Д. Б. Проблема сегодня не только в писателях, поэтах, не в том, что они менее внимательны к другим культурам, а в новоявленном тренде переосознания нашего культурного наследия и разобщения человеков. Никогда не было ещё такого подавляющего количества одиноких людей. Можно получить огромное количество лайков, получить виртуальное сочувствие и ощущать себя достаточно востребованным, но, при этом, не выходить «из комнаты» и света белого не видеть. Фраза Мандельштама: «– Читателя! советчика! врача!» сегодня более актуальна, чем в мандельштамовскую эпоху, когда каждая хорошая строка, множилась тут же, как минимум, в рукописных вариантах. Прочитывалась, с жадностью заучивалась наизусть. Сегодня этого нет. Мы перестали помнить наизусть стихи. Человечество ушло от поэтической методологии мысли. И, как правило, читатель сегодня, не способен воспринимать, не то, что сложные метафорические конструкции, но даже сложноподчинённые предложения. Не знаю, как в Мексике, в Латинской Америке в целом, но есть ряд стран, где пока ещё сохранено классическое образование ХХ века и есть попытка противостоянию интернет-трендам. А что происходит с образованием в Мексике?

А. Д. В Мексике бесплатное образование никогда не было на высоком уровне. Кстати, общедоступные школы, особенно в сельской местности, и появились во многом благодаря писателям: был такой прозаик в начале XX века – Хосе Васконселос – он во многом является «автором» проекта среднего образования в Мексике. Но, к сожалению, добиться того, чтобы бесплатное образование стало ещё и повсеместно хорошим, у него не получилось. Особенно это касается преподавания литературы: она здесь преподается только в старших классах, да и то не всегда. Но это отчасти и понятно: Мексика никогда не была литературоцентричной страной. Ту функцию, которую в советской стране выполняла литература, здесь выполняла живопись, а именно – мурализм. Поэтому имена Риверы, Сикейроса и Тамайо знает любой более-менее образованный человек, а имя Рамона Лопеса Веларде, крупнейшего поэта-модерниста, могут не знать даже люди, окончившие докторантуру (если они, конечно, не филологи). Не знаю, типично ли это для всей Латинской Америки. В Чили, насколько я слышала, ситуация другая. Например, наш современник Рауль Сурита, поэт уже очень немолодой, в прошлом сильно пострадавший от чилийской диктатуры, может, и не собирает стадионы, но большую студенческую аудиторию собрать точно может. А в Мексике такого нет. Я часто бываю на поэтических чтениях. Как правило, слушатели – это сами поэты.

Д. Б. Да, это и европейская тенденция. На литературные события собираются только литераторы. Похоже на клуб филателистов. В то время, когда марка уже вышла из употребления, практически все используют электронное письмо, они ещё что-то коллекционируют, ценят, друг с другом делятся.

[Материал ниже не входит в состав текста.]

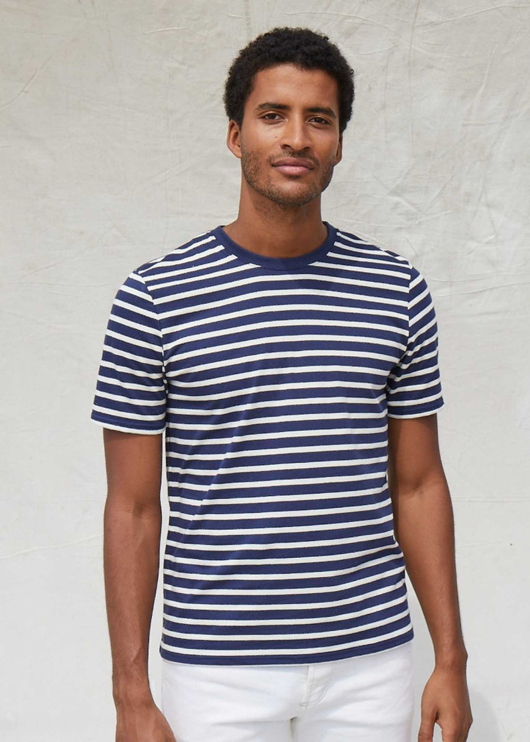 PLOUIDER - Breton T-Shirt for Men | Crew Neck | 100% Cotton (ECRU / NAVY)
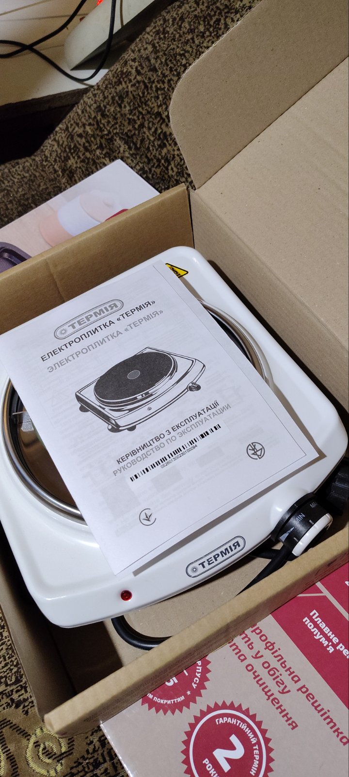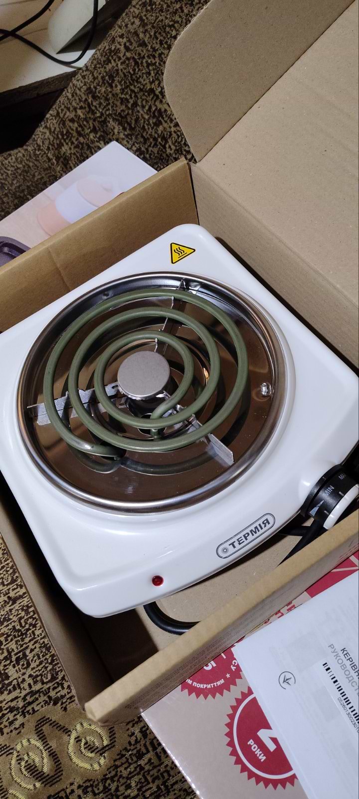 Выбирал себе недорогую настольную плиту, чтоб когда работаешь можно было чайник на улице нагреть, а не бегать постоянно в дом. Термия - украинский бренд, сделали на славу) Гарантия от производителя идет 1 год. Быстро нагреваться. Температуру можно регулировать механически. Компактная по размерам и достаточно легкая.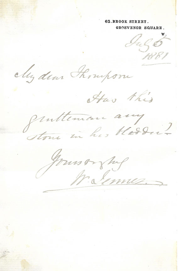 JENNER, Sir Wlliam 1st Baronet (1815-1898). Doctor who discovered the distinction between typhus and typhoid. During 1862, Jenner was appointed Physician in Ordinary to Queen Victoria. In 1863 he was appointed Physician in Ordinary to the Prince of Wales. Jenner attended both the Prince Consort and the Prince of Wales during their attacks of typhoid fever. Autograph letter signed, one page to {Sir Henry} Thompson enquiring about the bearer of this letter. “Has this gentleman any stone in his bladder? Yours truly W. Jenner.” Mounted at corners to an old album page..................$175.00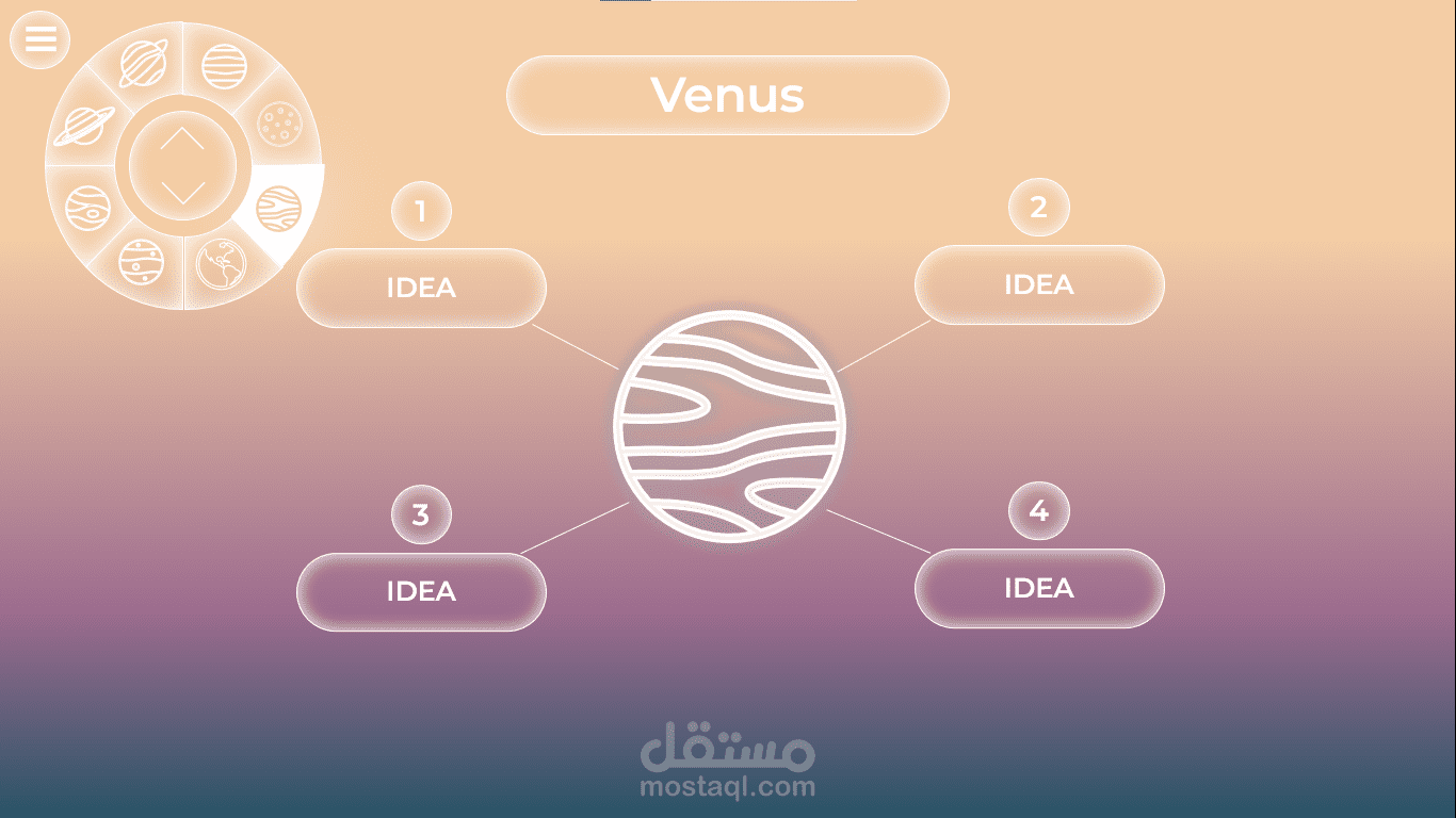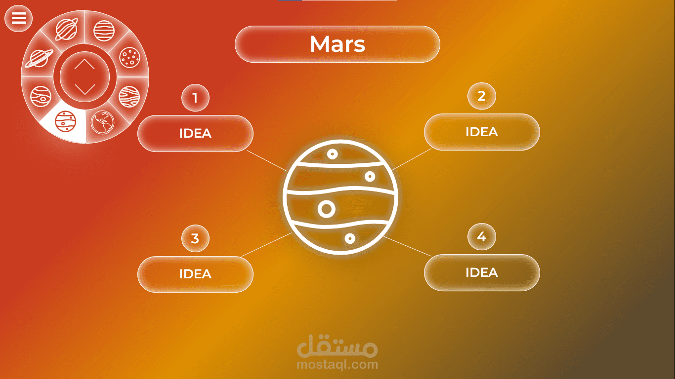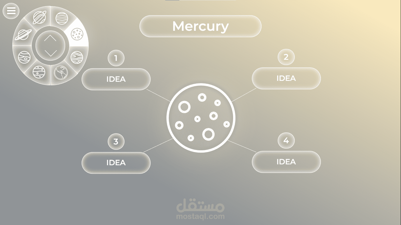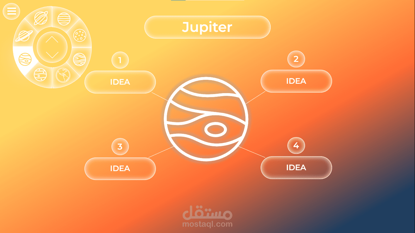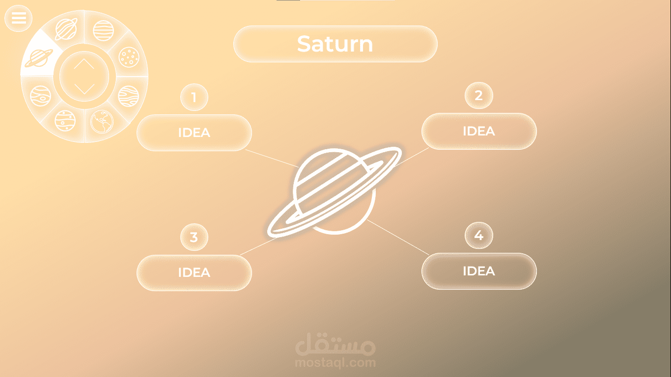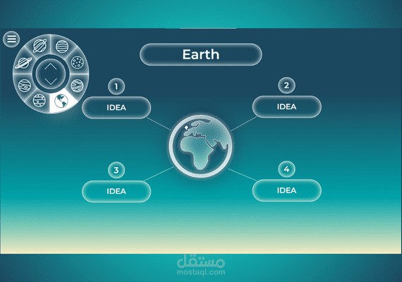 قالب PowerPoint بأسلوب تنقل جديد ومبتكر بين الشرائح من خلال أداة تحكم في أعلى يسار الشاشة.
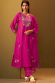 Magenta embroidered Kurta with Trousers with dupatta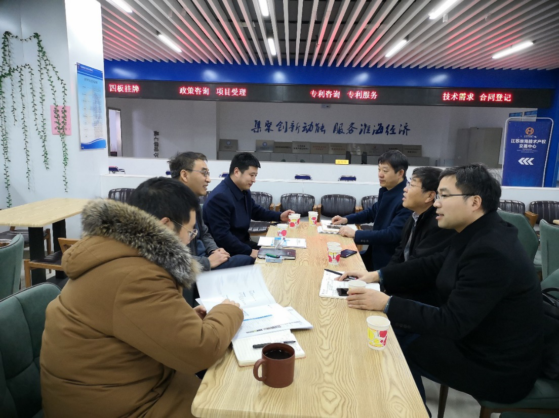 冉院長(cháng)一行先后參觀(guān)了一站式服務(wù)窗口、路演大廳等配套設施,聽(tīng)取了我中心建設和技術(shù)交易工作開(kāi)展情況。隨后,雙方在創(chuàng )客咖啡吧就籌備建立淮海經(jīng)濟區技術(shù)轉移聯(lián)盟、推進(jìn)高??萍汲晒D移轉化和高校人才創(chuàng )新創(chuàng )業(yè)發(fā)展、促進(jìn)區域高新技術(shù)對接合作等方面進(jìn)行了深入探討。各位專(zhuān)家分別介紹了各自學(xué)院優(yōu)勢學(xué)科與科技成果資源,希望與江蘇淮海技術(shù)產(chǎn)權交易中心進(jìn)一步加強聯(lián)系與合作,積極推進(jìn)高校與地方企業(yè)合作,促進(jìn)科技成果在淮海經(jīng)濟區域內的轉化與交易。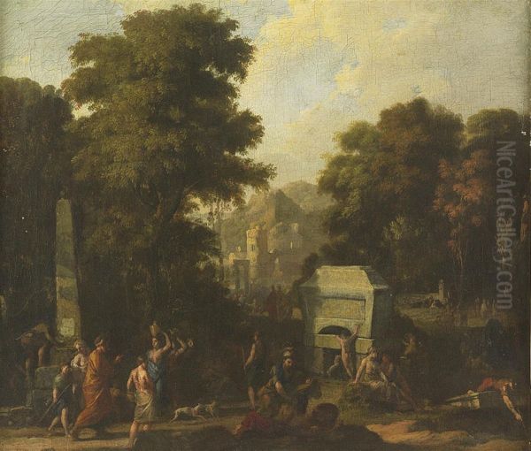 Italianate Landscape With Figures By An Obelisk And Tomb, A Village Beyond

А. Д. Да, субкультура. Или цеховая культура, как в средневековье. Мы снова вернулись к цеху.

Д. Б. Но любой цех был прагматичен. А здесь никакого прагматизма нет. Это антипрагматичное явление.

А. Д. Тогда кружок по интересам.

Д. Б. Да, да. Филателисты в подвале собираются или где-то. Им выделили место, даже что-то профинансировали, чтобы отвязаться от них: пусть себе...

А. Д. В Ташкенте, кстати, все обстоит ещё по-другому. Там до сих пор есть советская интеллигенция, которая ходит на поэтические мероприятия и при этом не всегда пишет стихи. Но это в большей степени люди пожилые. Молодёжи практически нет. Скоро, наверно, и там всё закончится.

Д. Б. Мне кажется, что это, всё-таки, зависит от системы образования. В XVIII, XIX веках, ещё в начале XIX века, литература почти не преподавалась, да и школ было очень мало. Зато повсеместно изучалось Святое писание. Заучивались большие фрагменты наизусть. Таким образом, ребёнок, с детства окунался в поэтическую действительность. потому что церковные книги написаны в поэтическом стиле. Ребёнок учился молиться, а молитвы – это высочайшие образцы поэзии. Тоже и с античной литературой, она существует в поэтических размерах потому, что происходила из устной традиции, нужно было удерживать в памяти большие объёмы. Повествование легко запоминается, когда имеет в основе внутреннюю ритмическую, музыкальную структуру, которая и соединяет смысловые линии. В русской, советской традиции, школьник выучивал наизусть большое число стихотворных текстов. Это было совершенно обязательно. А теперь мы редко можем найти человека, который может процитировать пять-шесть строф без шпаргалки. А ещё недавно любой дворник или сантехник легко вспоминал «Письмо Татьяны», или «Бородино». Важно, что кристаллы поэтической ритмики и мелодики, как серебряная ложка в стакане с водой, структурируют наше сознание. Теперь наша цивилизация лишается основ и религиозности, и литературности. Вот современная поэзия и подстраивается, подыгрывает этому новому времени. А пограничье между автором и возможным читателем всё расширяется и расширяется.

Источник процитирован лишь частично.